Summoning a ride is about to get even easier, with Google Maps extending its ridesharing integration to cover options other than Uber. The new version of the app will be rolling out to Android users over the next few days, though those with an iPhone will have to wait a little longer before they see it.

When updated, though, there’ll be support for a broader range of cab and ridesharing options, gathered together in a new Services tab that joins the existing Car, Public Transit, and Pedestrian tabs. Currently, Google includes an Uber link at the bottom of its transit options.

It won’t be a free-for-all of options, however, with Google working directly with certain cab companies on integration.
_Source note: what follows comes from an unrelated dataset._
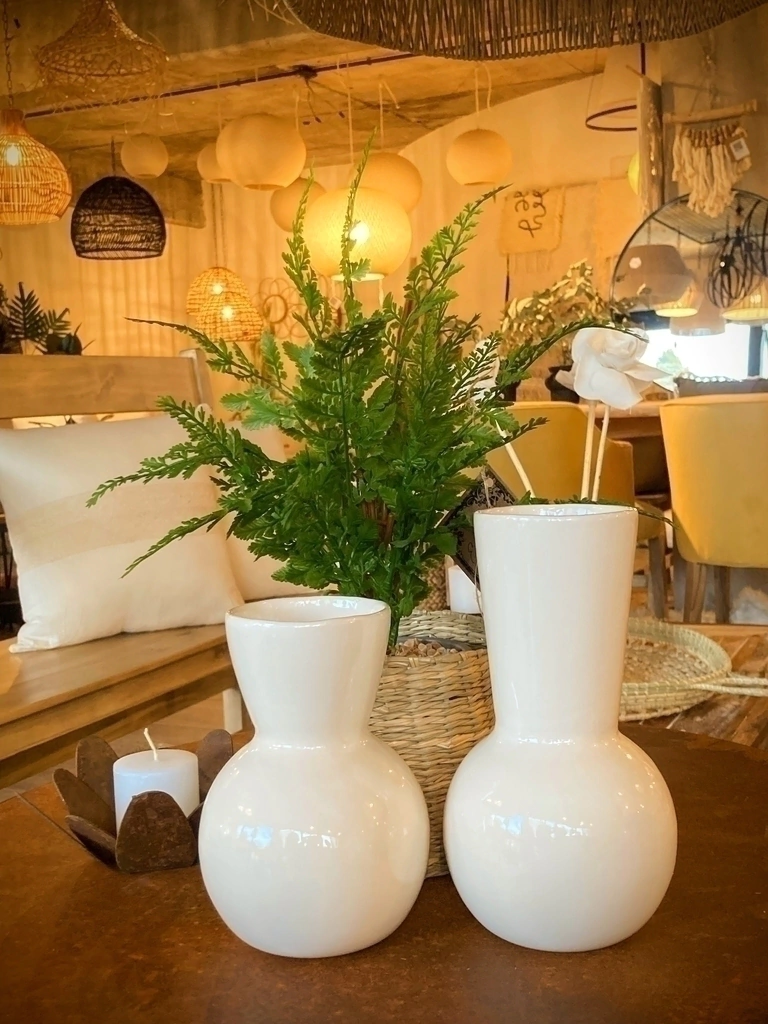 FLORERO DE CERÁMICA LOLI NATURAL: Un toque de estilo artesanal para tu hogar. Disfrutá del elegante diseño de color natural y medidas: alto 12x21cm, bajo 12x16,5cm.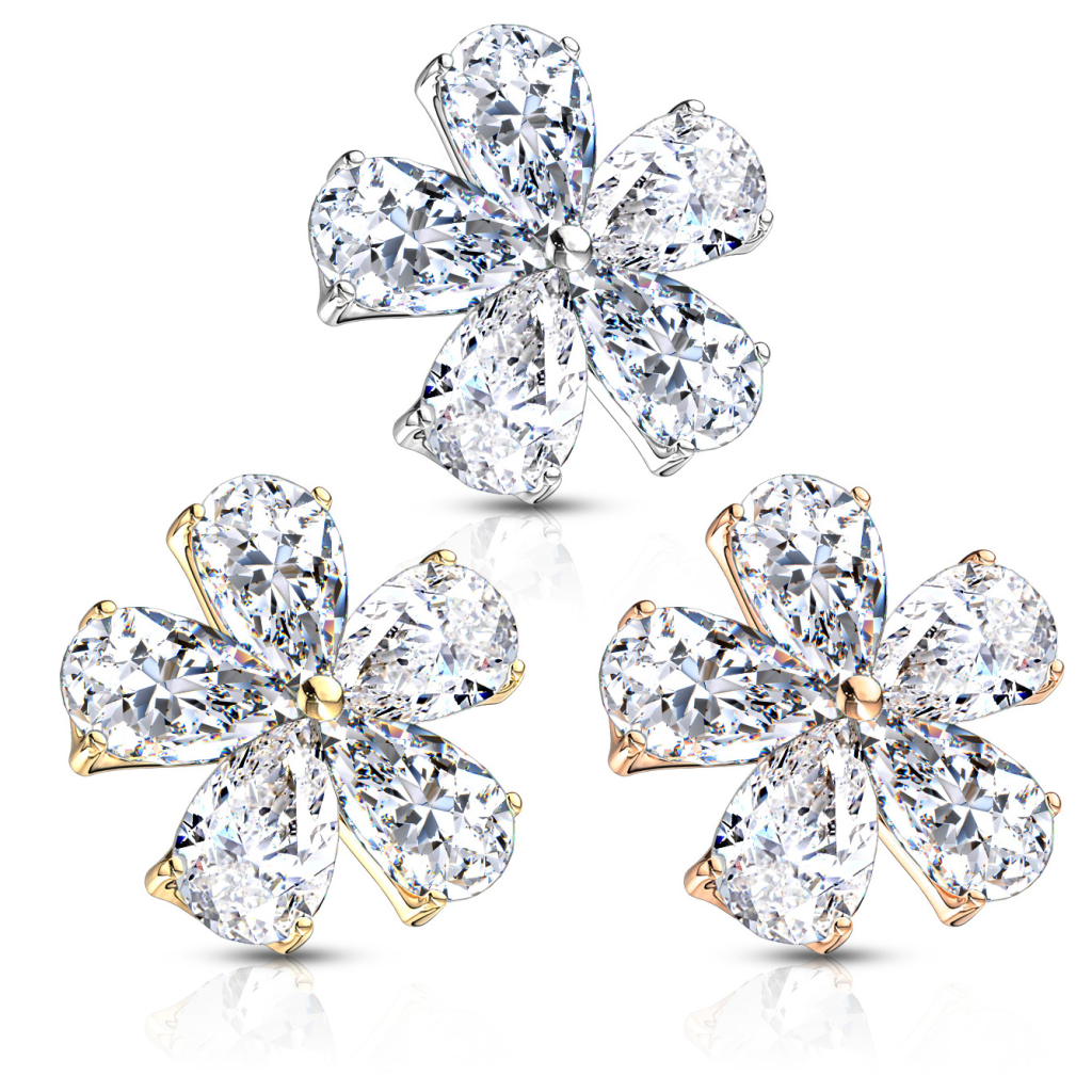 The item you've clicked on is a dermal top that represents a flower and to which five drop-shaped stones have been embedded to form its petals. It's crafted from brass and then coated to give it a beautiful color. You can choose from a variety of colors, including, for example, white gold and rose gold.

Initially, in fact, the list is fairly small, with Google including 99Taxis in Brazil, Ola Cabs in India, Hailo in the UK and Spain, mytaxi in Germany and Spain, and Gett in the UK.

That means no way to, say, add your Lyft account, and indeed there are no new providers in the US to choose between.
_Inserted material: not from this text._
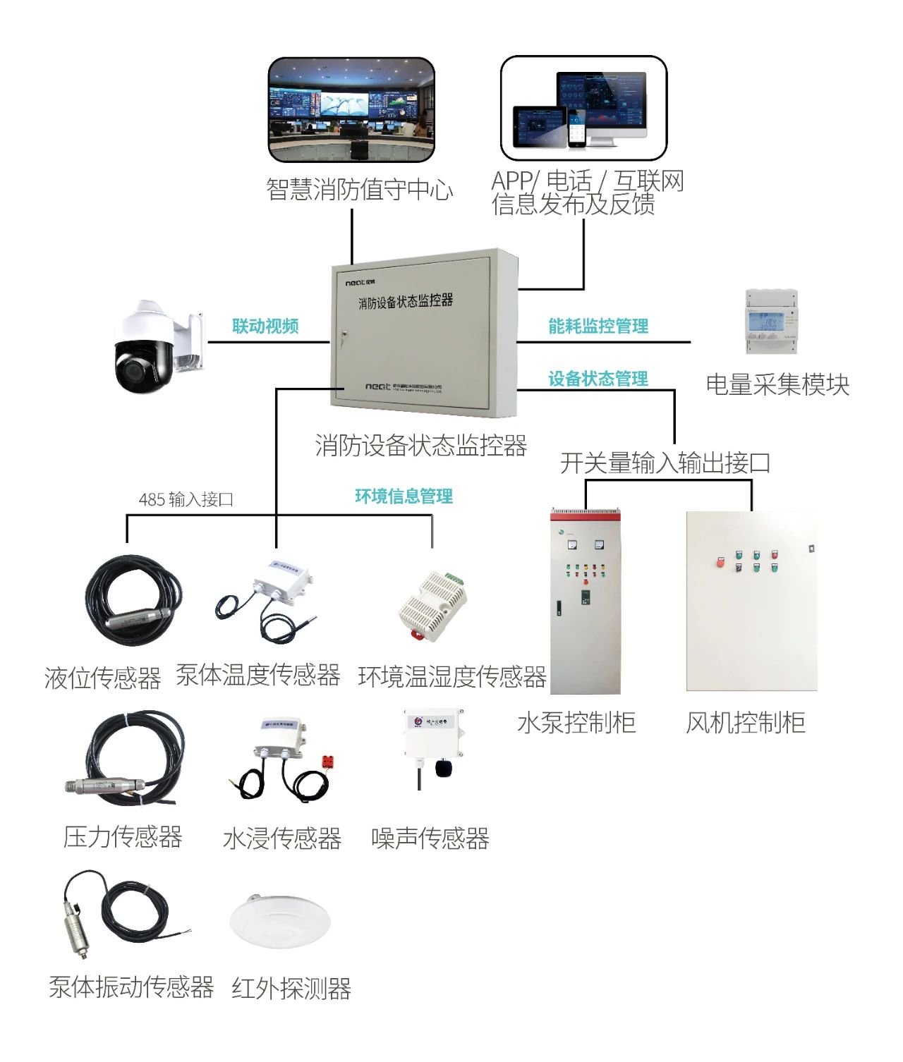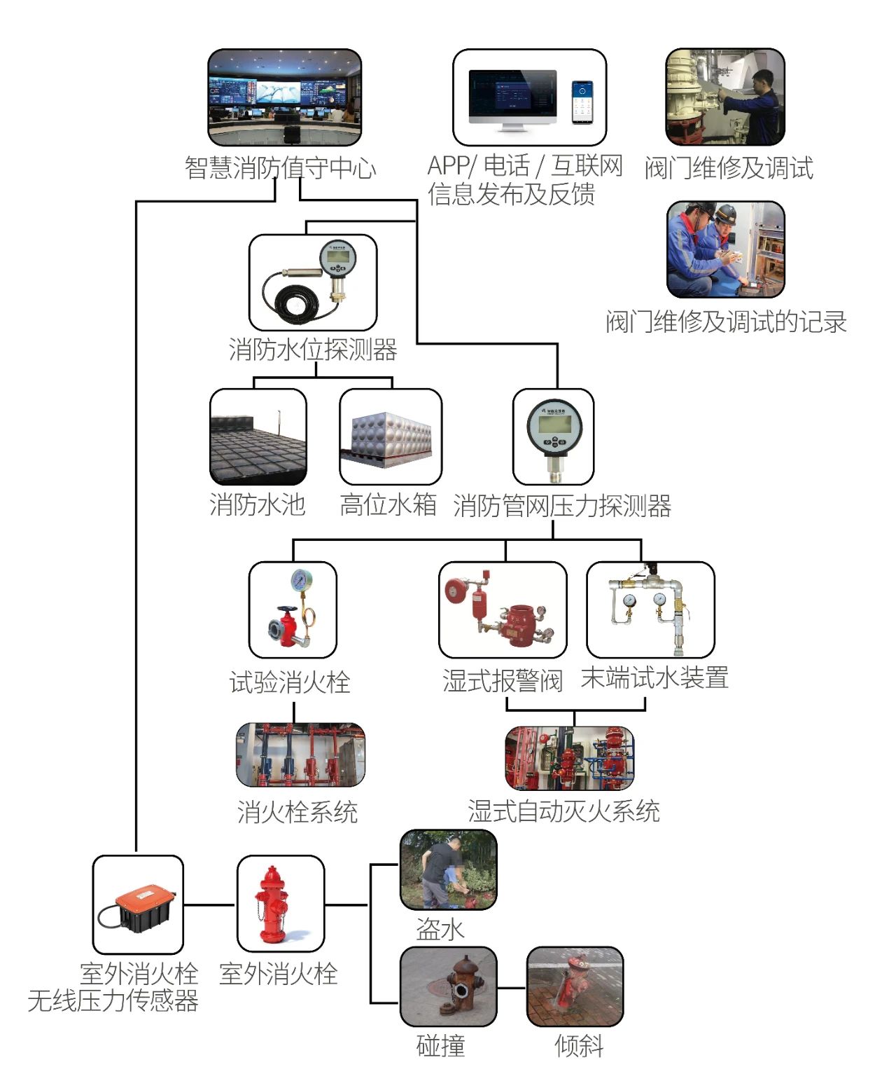 在高位水箱、消防水池、噴淋系統(tǒng)的末端試水裝置及室內(nèi)外消火栓系統(tǒng)等關(guān)鍵部位安裝無線感知設(shè)備,實時探測消防栓、噴淋系統(tǒng)、高位水箱水位等數(shù)據(jù),快速識別消防水源異常及故障狀態(tài),實現(xiàn)對室內(nèi)消火栓管網(wǎng)、噴淋管網(wǎng)和室外消火栓管網(wǎng)的主動管理,保證消防水箱、消防水池、消火栓的水位處于正常水平范圍內(nèi),確保消防水源正常使用。

You’re stuck, instead, with Uber, though Google says the integration there has also been improved. While you still get an estimate of waiting times and fare, there are now shortcuts to individual ride services that Uber offers.

So, there’ll now be options to jump straight to booking an uberX, uberXL, or UberBLACK in the company’s app. Previously, only uberX was listed.

It’s unclear when – or, indeed, if – Google will be adding other US services, with Uber becoming increasingly present among non-traditional ways to summon a car. Earlier this year, for instance, Amazon’s Echo smart speaker gained support for ordering an Uber by voice, as well as checking how far away the requested car is from home.

Meanwhile, Google is reportedly working on a taxi service of its own. That would use autonomous vehicles, rather than human-piloted ones, and though the rumors indicate coverage would be limited to a smaller area initially – considering each car needs to have a far greater understanding of the roadways on which it operates than traditional mapping data allows – it could become a significant competitor to established cab and ridesharing options.